Among all registered voters, the Democratic congressional candidate is preferred over the Republican by five points, 45%-40%. But among those who indicate in a series of questions that they are likely to vote, that advantage shrinks to a single point, 43%-42%.

Harold Lowe, 46, a financial adviser from Oakland, Calif., calls Obama "the best president of my lifetime" and says racism is a major reason for the criticism of him. "If Obama was not black, we could get through issues about Obama's performance, but we can't even get to issues about Obama's performance because he is black," he says.

While he supports the president, though, Lowe also sees some "serious flaws" in Obama's leadership, including his decision early in his administration to make a health care overhaul his top priority when many Americans were more concerned about having a job. "I don't think those folks who come out from Harvard and Ivy League towers of privilege know what it means not to have a job," he says.

What's on voters' minds now?

• An uncertain economy . The top priority for congressional action next year is job creation, cited by 29% of those surveyed. Despite unemployment that has declined to 5.9% and an economy that grew by a healthy 3.5% in the third quarter of the year, economic anxiety forged in the Great Recession continues to cast a cloud.

A long battle against ISIS . Six in 10 predict the United States will have to deal with the threat from Islamic State well past the time Obama's second term ends in two years. Four in 10 say it will stretch more than five years.

The threat from Ebola . Four in 10 say a major outbreak of the Ebola virus in the United States is very or somewhat likely over the next year, although public-health experts call that prospect remote at best. More than one in 10 say it's very or somewhat likely someone in their family will contract Ebola.

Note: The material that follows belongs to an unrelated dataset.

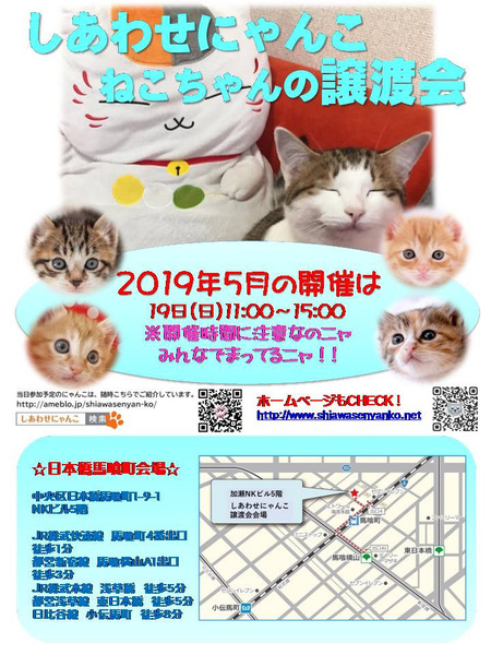 | イベント内容 | しあわせにゃんこは行き場のない猫ちゃんと里親様との出会いの場を提供するグループです♪ 子猫も成猫もハンデのある猫もみんな新しい家族を待っています♪ みなさまのご来場を保護主、スタッフ一同心よりお待ちしております♪ ◆開催日/開催時間◆ 2019年5月19日(日) 11:00~15:00 ご希望の猫ちゃんがいらっしゃる場合は11時30分までに受付をお願い致します。 複数のお申し込みがある場合は11時30分で受付を終了させて頂く場合がございます。 受付をされた全ての里親様とお見合いをさせて頂きます。 ※先着順ではございません ※当日、猫ちゃんを連れて帰ることは出来ません。後日、保護主が里親様宅へお届けいたします。 ◆会場◆ 東京都中央日本橋馬喰町1-9-1 加瀬ビル162 5階(エレベーターをご利用下さい) ※詳しいアクセスはHPをご覧下さい http://www.shiawasenyanko.net/jyoutokai.html ◆交通手段◆ JR総武快速線 馬喰町駅 徒歩1分 4番出口徒歩1分 JR総武本線 浅草橋駅 徒歩5分 都営浅草線 東日本橋駅 徒歩5分 都営新宿線 馬喰横山駅 A1出口徒歩3分 東京メトロ日比谷線 小伝馬町 徒歩8分 ※お車でご来場の際、駐車場のご用意はございません。 近隣のコインパーキング等をご利用ください。 いつ里の掲載参加猫一覧はこちらから https://www.satoya-boshu.net/keiji/viewtopic.php?f=3&t=4288 アメーバブログの里親募集にゃんこはこちら https://ameblo.jp/shiawasenyan-ko ◆猫ちゃんとのお見合い◆ 掲載している猫ちゃんは基本的に譲渡会場でのお見合いのみとなります。 譲渡会への参加が決定している猫ちゃんはその譲渡会で里親様が決定しなかった場合のみ保護主宅でのお見合いが可能となります。 自宅お見合いを希望される里親様はメール(info@shiawasenyanko.net)にてご相談ください。 ◆当譲渡会では猫ちゃんと里親様のスキンシップを大切にしています◆ 新しい家族として20年以上いっしょに暮らしていく猫ちゃんです。 譲渡会場でたくさんの猫ちゃんと触れ合って良きパートナーを見つけてください。 はじめて猫ちゃんを迎える不安や先住猫ちゃんとのトライアルの注意点、猫ちゃんと里親様の暮らし方など気軽にご相談ください。 経験豊富な保護主や猫大好きスタッフがアドバイスさせていただきます。 ◆子猫ご希望の里親様◆ 子猫は急な下痢や発熱等により体調が急変し、数時間対応ができなかっただけでも命を落とす事があります。 その為、当譲渡会では月齢によりお留守番のない又は少ないご家庭への譲渡に限らせて頂いております。 また里親様と子猫ちゃんが安心してトライアル期間を過ごせるよう体重が1㎏程になってからのお届けとさせて頂いております。 ◆里親希望のみなさまへ◆ ご家族の皆様で生涯、家族の一員としてたっぷり愛情を注いでくださるご家庭をお待ちしております。 恐れ入りますが ・独身、単身者の方 ・友人同士、同棲でのお住まいの方 ・高齢者のみのご家庭の方 ・脱走防止対策にご協力頂けない方 はご希望に添えない場合もございますのでご了承下さい。 ※詳しくはその他連絡事項をお読みください。 ◆ご負担頂く費用について◆ 譲渡の際に譲渡負担金(医療費の一部、譲渡金、お届け時の交通費)を里親様にご負担頂く事により 過酷な状況にいる猫ちゃんを保護し新しいご家族の元へ送り出す事ができています。 皆様のご理解とご協力にボランティア一同、心より感謝しております。 ご負担頂く医療費につきましてはホームページに詳しく記載させて頂いております。 http://www.shiawasenyanko.net/onegai.html しあわせにゃんこホームページ http://www.shiawasenyanko.net メールでのお問い合わせ info@shiawasenyanko.net |

Four in 10 say they don't trust the federal government to handle the Ebola threat.

TERRORISM CONCERNS RISE

If Congress could pass just one major piece of legislation next year, job creation comes first, but it's subsided as the single dominant issue it has been in the past three elections, in the wake of the 2008 financial meltdown and the recession that followed. In 2012, more than four in 10 cited jobs as the top issue; now it's named by about three in 10.

Meanwhile, concern about national security and terrorism has surged amid worsening violence in Iraq and Syria and the videotaped beheading this year by Islamic State of two American journalists.

In a 2012 poll, terrorism came in last on a list of seven issues, at 2%. In the new survey, national security and terrorism rank second, cited by 21%. While jobs remains the top issue among Democrats, Republicans rank terrorism first.

Still, there's no sweeping confidence in government to deliver on any of those priorities, now or next year.

"My gut tells me because the U.S. population is relatively dissatisfied with what's going on, there's probably going to be a changing of the guard," says DeShano, although she questions whether even a switch in control of the Senate will make much difference. "I don't have a lot of hope until we have a more catastrophic change. Honestly, I think we are ripe right now, if we had the right person, for a third party."

Burton Dewilde, 29, a data analyst who works for a non-profit organization in New York City, doubts that Tuesday's election is going fix anything, but he also says things aren't likely to go in the other direction. "I know it's a cliché to beat up on Congress," he says, "but they really can't get much worse."